I had a line on my laptop screen like two months ago, then I got another one few weeks ago now today I have another one... it bothers me alot cause when I watch a movie u can see it all the time... 
any one knows what's the reason? or how to get rid of it? Is it just Lcd like i have no clue... plzzzzzzzz hlep me 
Thanks... you guys rocK

P.S. Sorry if I'm in the wrong forum


----------



## Blue Zee (May 18, 2007)

If the first one was damaged, probably the same happened to the one you have now.

I would suggest you test it in another PC to confirm that.

Zee


----------



## NassauBob (Sep 6, 2007)

What are the chances it is a Toshiba Satellite P35 series?

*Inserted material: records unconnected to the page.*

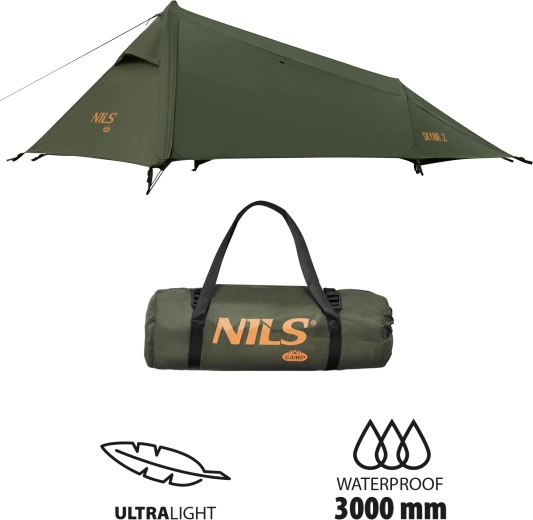De ultralichte tweepersoonstent NILS Camp Skyair 2 is ideaal voor fietstochten, kanoreizen en bergwandelen. Hij biedt een minimaal gewicht van 2,4 kg, compacte afmetingen na het inpakken en betrouwbare bescherming tegen regen en wind. Dankzij het buitenzeil met een waterkolom van 3000 mm, de grondzeilwaarde van 5000 mm en het no-see-um muskietengaas garandeert hij een comfortabele en rustige slaap in de natuur.
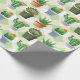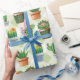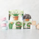 Planta de suculência em fundo verde de gingham, Aloe vera, Cacto de pera picante, Ouro de Barrel e Aeónio.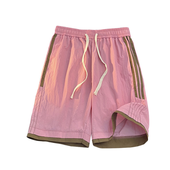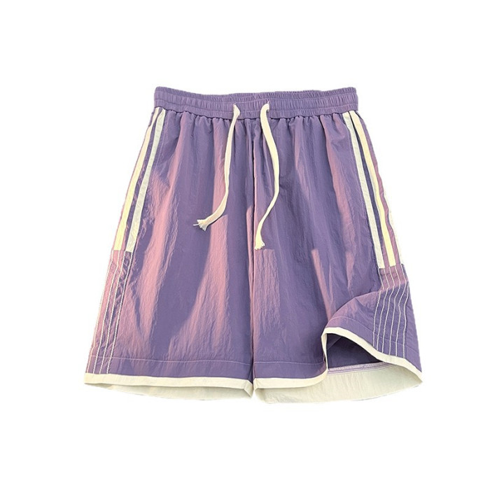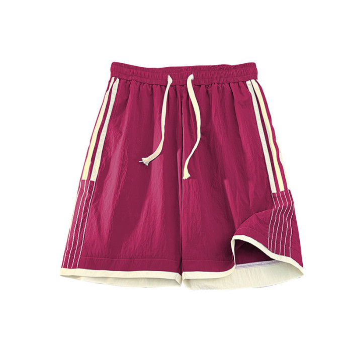 休閒運動速乾籃球短褲夏季新款寬松透氣美式百搭條紋直筒情侶款五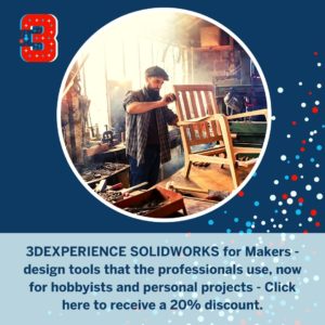3DEXPERIENCE SOLIDWORKS for Makers – design tools that the professionals use, now for hobbyists and personal projects – for only $9.99 a month or $99/year.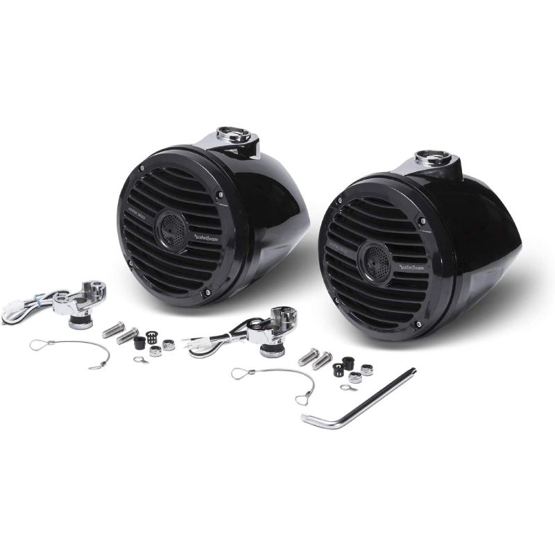Designed specifically for marine use, Rockford Fosgate's Punch Series RM1652W-MB wakeboard tower speakers give you strong performance in a package that's ideal for smaller ski boats.These compact speakers feature 6-1/2" woofers and aluminum dome tweeters that together handle up to 75 watts RMS.

I have three vertical blue lines on mine, too. They showed up outta nowhere, a few days apart from each other. I am just waiting until Christmas, Santa Claus is gonna replace my laptop with a PC.  

Shane


----------



## yasmeen143 (Jan 2, 2006)

thanks Blue Zee... but I dont really know what you mean by Testing it in another PC to confirm.... well if I do a print screen (print scrn SysRq) the lines won't show up

Yeah NassauBob it is Satellite But P30 though... so You mean there is no way to fix it???

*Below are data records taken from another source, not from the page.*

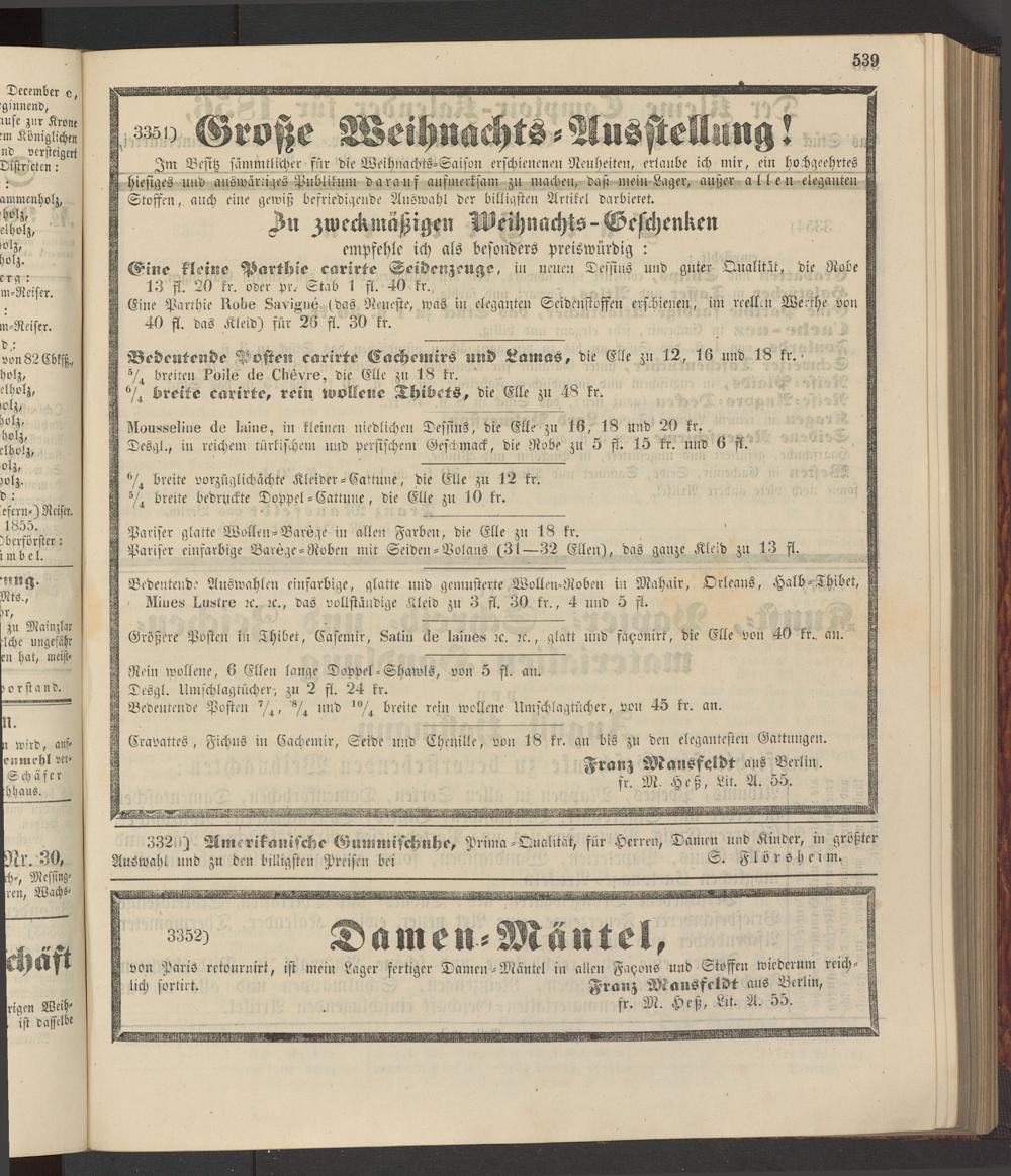 von Paris retournirt, ist mein Lager fertiger Damen-Mäntel in allen Fatous und Stoffen wiederum reich lich sortirt. Franz Mansfcldt ans Berlin,
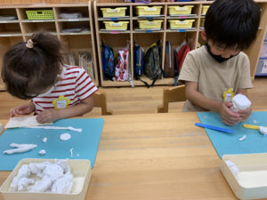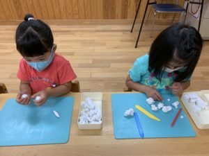 自分で作るものを決めたり、お友達が作った物の作り方を聞いて真似して作ったり…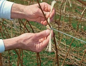 Если с весны ведется грамотный уход за малиной, урожай обычно получается обильный. В этом случае побеги могут не выдержать тяжести ягод и полечь. Чтобы этого не произошло, стебли подвязывают. Занимаются этим в середине лета, когда заканчивается рост растения и оно входит в пору цветения. Побеги подвязывают к опоре (например, шпалере), когда они достигают примерно 50 см. Это первая подвязка. Вторую проводят, когда они вырастают на 1–1,5 м. Тогда во время раскачивания ветвей от ветра ягоды меньше страдают. Важно! Важно следить за тем, чтобы малинник не загустел. Именно в густых ветвях, которые недостаточно проветриваются, начинают размножаться грибки. Поэтому кусты обычно высаживают полосами с расстоянием в метр. При использовании шпалер ширина может составлять 20-35 см.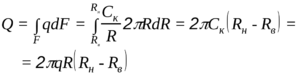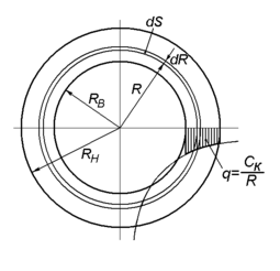 Для приработанных дисков линейный абразивный износ трущихся поверхностей не зависит от текущего радиуса и пропорционален произведению qR=Cк=const, тогда q= Cк/R. Сила сжатия дисков Q с учетом переменности величины

Blue Zee could you please explain it for me if you could I appreciate your replies you guys thanks alottttttttttttttttttttttttt


----------



## Blue Zee (May 18, 2007)

I mistyped my thoughts.

I wanted to say test an external monitor on that laptop, if you can.

Zee


----------



## NassauBob (Sep 6, 2007)

Aahh, I got you. To isolate the problem to either video card or display.

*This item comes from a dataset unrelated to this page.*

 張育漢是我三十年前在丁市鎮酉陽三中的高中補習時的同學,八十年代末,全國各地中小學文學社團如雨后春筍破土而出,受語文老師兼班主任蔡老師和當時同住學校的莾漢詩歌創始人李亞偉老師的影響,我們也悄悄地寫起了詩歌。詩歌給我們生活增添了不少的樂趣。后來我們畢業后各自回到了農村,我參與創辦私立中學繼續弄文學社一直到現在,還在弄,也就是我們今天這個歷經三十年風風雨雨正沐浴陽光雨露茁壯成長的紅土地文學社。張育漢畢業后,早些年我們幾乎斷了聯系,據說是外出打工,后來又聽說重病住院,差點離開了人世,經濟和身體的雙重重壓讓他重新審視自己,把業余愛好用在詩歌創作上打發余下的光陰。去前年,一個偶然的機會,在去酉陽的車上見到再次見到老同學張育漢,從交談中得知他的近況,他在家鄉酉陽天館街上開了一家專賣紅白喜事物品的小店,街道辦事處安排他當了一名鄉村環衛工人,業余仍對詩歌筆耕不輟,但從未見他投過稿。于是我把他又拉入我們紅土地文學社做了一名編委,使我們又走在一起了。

Yeah, I will try that as soon as I can.

(Not that it matters much - we don't have replaceable video cards)  

Thanks for the suggestion! :up:

Shane


----------



## yasmeen143 (Jan 2, 2006)

well its working all good with an external monitore like there is no lines in it... so what do you think the problem? is it fixable??? plz reply back thanksssssssssss for ur time n suggestions


----------



## Blue Zee (May 18, 2007)

yasmeen143 said:


> well its working all good with an external monitor...


Can't say it's good news, your LCD monitor has problems.

A) Repair it (may be too expensive...)
B) Use the external monitor (but then it won't be a laptop...)

Sorrrrrrryyyyyyyyy.....

Zee


----------



## yasmeen143 (Jan 2, 2006)

aww thanks for ur information... I will have to repair it or get a new laptop lol


----------